| About this task |
For the entries that follow, restate word for word the line containing "화보를 보다 낭만적으로", the line containing "Fototapeta samoprzylepna Legal", and every line that lies between them.

--- Record set Enclosed Below ---

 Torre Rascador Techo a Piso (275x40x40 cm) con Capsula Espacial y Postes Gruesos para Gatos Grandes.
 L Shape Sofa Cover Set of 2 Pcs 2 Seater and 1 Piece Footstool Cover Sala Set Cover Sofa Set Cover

--- End of Enclosed Record set ---
--- Record set Enclosed Below ---

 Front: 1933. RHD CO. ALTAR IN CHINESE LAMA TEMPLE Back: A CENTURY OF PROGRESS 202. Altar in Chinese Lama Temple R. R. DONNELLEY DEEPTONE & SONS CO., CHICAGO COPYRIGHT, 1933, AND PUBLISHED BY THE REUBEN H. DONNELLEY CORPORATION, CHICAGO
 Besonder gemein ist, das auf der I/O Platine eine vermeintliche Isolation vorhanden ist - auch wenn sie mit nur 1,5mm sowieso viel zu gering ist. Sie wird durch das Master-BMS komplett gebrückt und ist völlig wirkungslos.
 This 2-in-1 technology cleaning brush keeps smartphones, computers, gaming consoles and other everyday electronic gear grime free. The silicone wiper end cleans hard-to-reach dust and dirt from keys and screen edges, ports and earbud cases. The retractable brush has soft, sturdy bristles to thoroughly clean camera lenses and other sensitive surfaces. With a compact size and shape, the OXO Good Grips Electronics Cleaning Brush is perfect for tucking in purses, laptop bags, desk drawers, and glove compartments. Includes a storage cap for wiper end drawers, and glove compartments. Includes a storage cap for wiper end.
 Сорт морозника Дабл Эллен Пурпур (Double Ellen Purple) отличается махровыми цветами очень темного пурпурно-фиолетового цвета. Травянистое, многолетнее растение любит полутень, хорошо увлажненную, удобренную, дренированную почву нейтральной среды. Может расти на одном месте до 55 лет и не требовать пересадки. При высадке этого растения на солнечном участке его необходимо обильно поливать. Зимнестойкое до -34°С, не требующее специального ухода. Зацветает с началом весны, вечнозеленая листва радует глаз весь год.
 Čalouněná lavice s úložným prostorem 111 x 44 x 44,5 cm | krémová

--- End of Enclosed Record set ---
--- Record set Enclosed Below ---

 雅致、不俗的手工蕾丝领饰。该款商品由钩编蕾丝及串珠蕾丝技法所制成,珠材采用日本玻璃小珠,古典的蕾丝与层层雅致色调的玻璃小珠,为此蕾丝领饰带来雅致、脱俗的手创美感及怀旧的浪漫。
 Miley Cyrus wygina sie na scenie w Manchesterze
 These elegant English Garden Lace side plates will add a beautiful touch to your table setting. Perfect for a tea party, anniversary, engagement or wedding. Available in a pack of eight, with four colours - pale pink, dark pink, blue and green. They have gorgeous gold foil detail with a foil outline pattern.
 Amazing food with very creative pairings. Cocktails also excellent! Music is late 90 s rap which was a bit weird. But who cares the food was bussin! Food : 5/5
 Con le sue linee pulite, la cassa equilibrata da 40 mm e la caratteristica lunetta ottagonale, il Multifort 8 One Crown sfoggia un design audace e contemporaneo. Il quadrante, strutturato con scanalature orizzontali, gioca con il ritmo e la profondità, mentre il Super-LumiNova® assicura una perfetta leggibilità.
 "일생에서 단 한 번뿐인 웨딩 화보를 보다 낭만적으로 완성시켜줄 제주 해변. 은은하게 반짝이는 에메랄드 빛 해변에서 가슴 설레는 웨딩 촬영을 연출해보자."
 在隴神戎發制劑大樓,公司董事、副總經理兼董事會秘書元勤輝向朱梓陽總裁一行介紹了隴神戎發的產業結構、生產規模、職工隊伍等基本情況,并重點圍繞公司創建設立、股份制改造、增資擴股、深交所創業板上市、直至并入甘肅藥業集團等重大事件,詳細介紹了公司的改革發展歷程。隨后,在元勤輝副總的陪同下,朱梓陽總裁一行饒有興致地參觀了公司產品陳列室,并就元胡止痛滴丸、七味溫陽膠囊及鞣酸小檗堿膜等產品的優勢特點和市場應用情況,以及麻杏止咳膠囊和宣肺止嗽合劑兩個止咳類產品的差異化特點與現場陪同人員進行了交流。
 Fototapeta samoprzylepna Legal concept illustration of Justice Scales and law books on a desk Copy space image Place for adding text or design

--- End of Enclosed Record set ---

| Task response |
 "일생에서 단 한 번뿐인 웨딩 화보를 보다 낭만적으로 완성시켜줄 제주 해변. 은은하게 반짝이는 에메랄드 빛 해변에서 가슴 설레는 웨딩 촬영을 연출해보자."
 在隴神戎發制劑大樓,公司董事、副總經理兼董事會秘書元勤輝向朱梓陽總裁一行介紹了隴神戎發的產業結構、生產規模、職工隊伍等基本情況,并重點圍繞公司創建設立、股份制改造、增資擴股、深交所創業板上市、直至并入甘肅藥業集團等重大事件,詳細介紹了公司的改革發展歷程。隨后,在元勤輝副總的陪同下,朱梓陽總裁一行饒有興致地參觀了公司產品陳列室,并就元胡止痛滴丸、七味溫陽膠囊及鞣酸小檗堿膜等產品的優勢特點和市場應用情況,以及麻杏止咳膠囊和宣肺止嗽合劑兩個止咳類產品的差異化特點與現場陪同人員進行了交流。
 Fototapeta samoprzylepna Legal concept illustration of Justice Scales and law books on a desk Copy space image Place for adding text or design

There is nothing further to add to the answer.